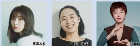
東京2025デフリンピック応援アンバサダー

応援アンバサダーなどを通じ、大会の意義や魅力を伝える。大会エンブレムを用いた広報PRツールの活用、 デフアスリートと子供たちとの交流 や競技体験など、大会への関心を高める取組を幅広く展開。
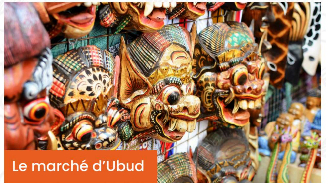
Le marché d'Ubud
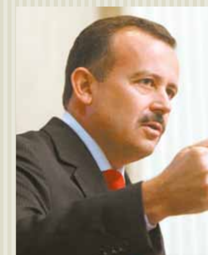
>> Deputado Neto Nunes (PMDB)
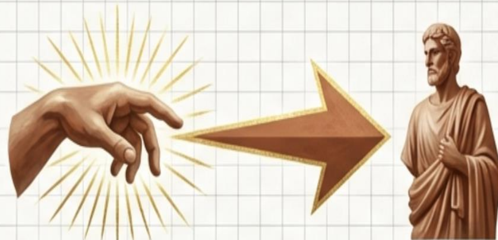
Path B (Humans)
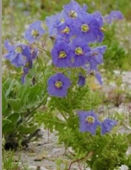
TOMATILLO ( Solanum heterantherum )
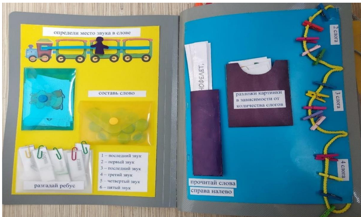
Рис.1. Задания на звуковой и слоговой анализ и синтез
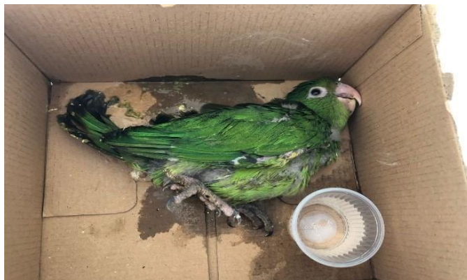
(48545) – Maritaca
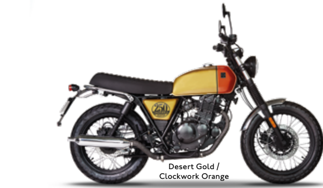
Desert Gold / Clockwork Orange
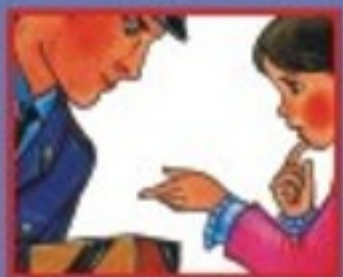
НА УЛИЦЕ ИЛИ В МЕТРО- ПОЛИЦЕЙСКОМУ
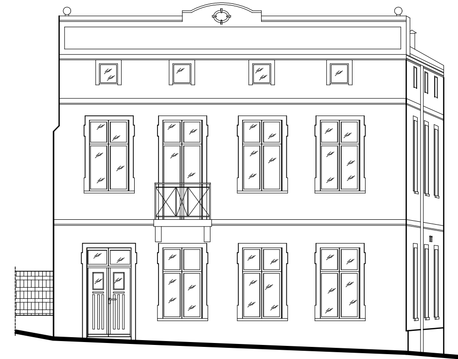
ELEWACJA WSCHODNIA SKALA 1:100 INWENTARYZACJA

■ ■ ■ ■

**WORK INSTRUCTIONS**
Above are the records; reproduce them exactly and leave out the pictures.

**FINISHED EXERCISE**
東京2025デフリンピック応援アンバサダー

応援アンバサダーなどを通じ、大会の意義や魅力を伝える。大会エンブレムを用いた広報PRツールの活用、 デフアスリートと子供たちとの交流 や競技体験など、大会への関心を高める取組を幅広く展開。
Le marché d'Ubud
>> Deputado Neto Nunes (PMDB)
Path B (Humans)
TOMATILLO ( Solanum heterantherum )
Рис.1. Задания на звуковой и слоговой анализ и синтез
(48545) – Maritaca
Desert Gold / Clockwork Orange
НА УЛИЦЕ ИЛИ В МЕТРО- ПОЛИЦЕЙСКОМУ
ELEWACJA WSCHODNIA SKALA 1:100 INWENTARYZACJA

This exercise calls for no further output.